Linda Drew, acting head of Chelsea College of Art and Design, believes that students' satisfaction could be improved if more was done to prepare them for the university experience.
She said: "If students come to university to study English or history, they already have an effective toolkit - they usually know how to approach writing an essay and respond to teacher feedback.
"When they come into an art and design faculty or an art school, they often have no idea that the assessment approach involves peer review as well as tutor feedback."
Bernadette Blair, director of academic development and quality assurance in the faculty of art, design and architecture at Kingston University, said that there was now a new focus on the importance of art and design.
"Art and design has sometimes not really been at the centre of things - it can be seen as peripheral in academic circles. But now we have the Cox Review of Creativity in Business and the whole creative industry agenda.
Suddenly there is a focus on how we can, and do, contribute to the economic environment," she said.
Gareth Fisher, professor of sculpture at Dundee University, said:
"Increasingly creativity is a byword in politics and industry and business, and that's our ethos.
"There is a strong desire now to forge a higher level of debate with political thinkers and education authorities and to speak with a more unified voice.
"In Scotland, politicians are talking about the importance of creativity and the cultural industry.
"We have been given a lead by the Scottish Parliament's cultural policy to reinforce and increase our influence - not only on the commercial and industrial wellbeing of the country but also on the cultural awareness of the populace."
CREATIVITY IS GOOD FOR BUSINESS
A new centre will harness the creative power of art and design staff and students to help business find innovative ways to stay ahead of the pack.
The £1.8 million centre - based at Central Saint Martins College of Art and Design, part of the University of the Arts London - will apply the inventiveness, research and development expertise of artists and designers to a range of business and social issues.
The centre, which is funded by the London Development Agency, will be called Central Saint Martins Innovation and will offer support to young creative start-ups, training courses on innovation, creativity and business, and research projects bringing together specialists from different disciplines.
Dani Salvadori, head of enterprise at Central Saint Martins Innovation, said: "We now have the facilities and infrastructure to make a difference, not just to our students butto all sorts of enterprises in the commercial and non-profit-making sectors."
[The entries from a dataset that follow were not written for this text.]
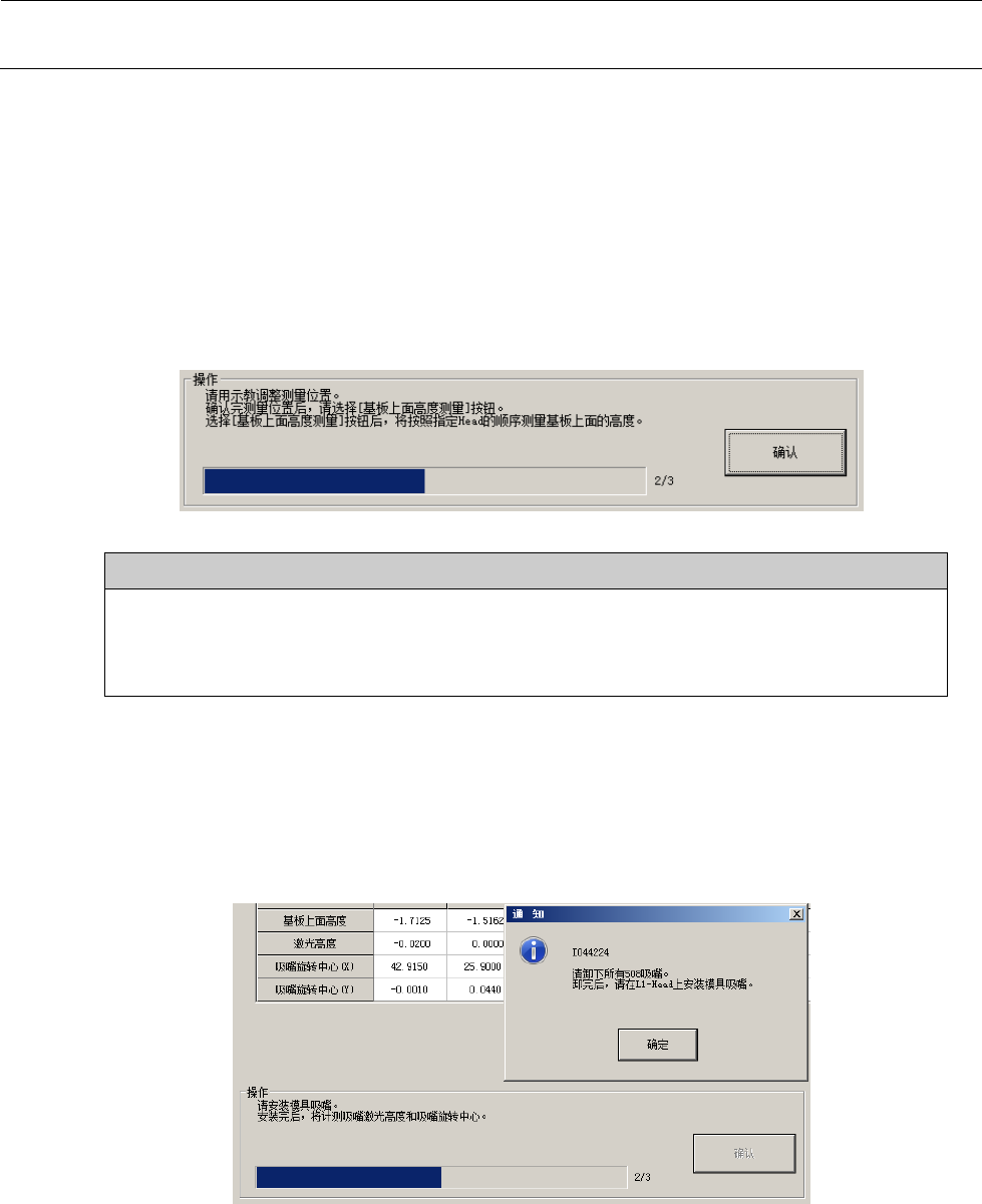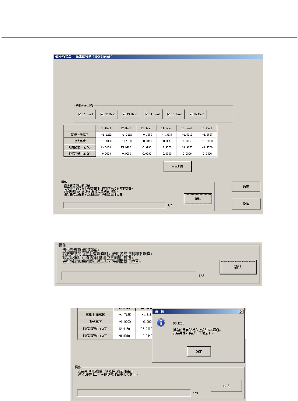 MS 参数 4- 10 4-4- 3 操作 选择 “ 偏移量设置( O ) ”—“ 激光偏移 量( L ) ” 后,会显示设 置激光偏移量的对 话框。 <操作 ・ 1/3 > 如果要测量的 Head 装有 吸嘴,卸下 吸嘴。 如选择 “ 确认 ” ,即进 行吸嘴套 高度 的 检测。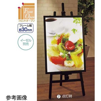 ●セット内容:パネル本体・ACアダプター・壁面取付用ネジ・アンカー×各4本●素材:フレーム/アルミ22mm厚、前面カバー/アクリル板1.5mm厚●サイズ:外寸/76.7×106.9cm、コード長/約2.6m●重量:7.8kg●アダプター付き 照度:約4000lx●画像の使用例はA1タイプです。●イーゼル別売(B1タテに対応するイーゼルをお使いください)●防滴仕様は61-780-95シリーズになります。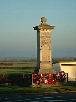 The war memorial is located on the grass along the B4265 road at Gileston Cross to the south of the village. It was built in around 1920 to commemorate those who died during the First World War. The memorial, built from Portland stone ashlar, is a square pillar raised on three steps with a dentilated cornice, capped by a ball.[21] The Church of St Athan contains monuments of the Berkerolles family with recumbent figures of a knight and his lady.[23]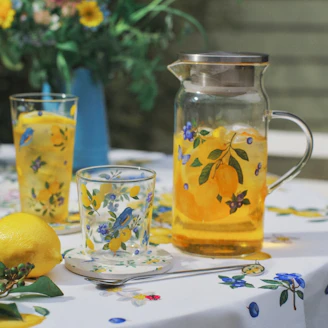 鮮やかなレモンが、夏のテーブルを彩ります。ガラスの冷水筒やタンブラーは、テーブルに置いても絵になる、この時期の主役アイテムです。食事を引き立てるプレートは、お部屋のインテリアとして飾るのもおすすめです。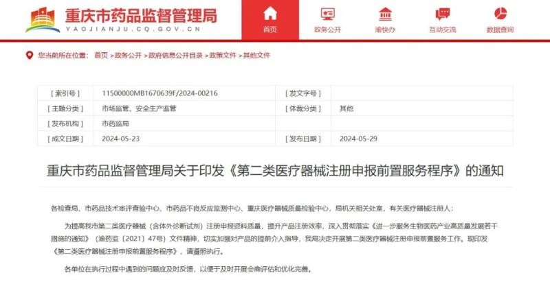 为提高我市第二类医疗器械(含体外诊断试剂)注册申报资料质量,提升产品注册效率,深入贯彻落实《进一步服务生物医药产业高质量发展若干措施的通知》(渝药监〔2021〕47号)文件精神,切实加强对产品的提前介入指导,我局决定开展第二类医疗器械注册申报前置服务工作。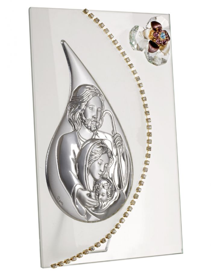 Sacra Famiglia italiana in argento 925 con icona di cristallo Swarovski # K524Y

Artists and designers are forging links with academics across higher education, resulting in some surprising interdisciplinary innovations.
Imperial Triangle Projects match up RCA graduates with scientific ideas from Imperial Innovations, Imperial's technology transfer branch, and the MBA expertise of Imperial's Tanaka Business School.
So far, projects have resulted in the development of instruments for keyhole surgery, a motion-tracking glove designed to help surgeons assess and improve their skills, and an earpiece that can monitor fitness through tiny computers the size of a pinhead.
Jeremy Myerson, professor of design studies at the RCA, said: "People do speak different languages, but we overcome this by working in small interdisciplinary teams."
Designer and RCA graduate Richard Hartshorn, of Goodwin Hartshorn, worked on developing the PortPlace, a device designed to improve the safety of keyhole surgery to the abdomen. The idea came from Herbert Anderson, a surgeon-in-training at Imperial.
Mr Hartshorn said: "Early on, it was almost our role to criticise the idea and 'train' the surgeon on the design process." But the roles reversed when Mr Hartshorn and his colleague Edward Goodwin observed a number of operations and learnt how to suture, practising on an electronic teaching device and a pig's liver.
"That level of understanding theory is key to the design process," he said.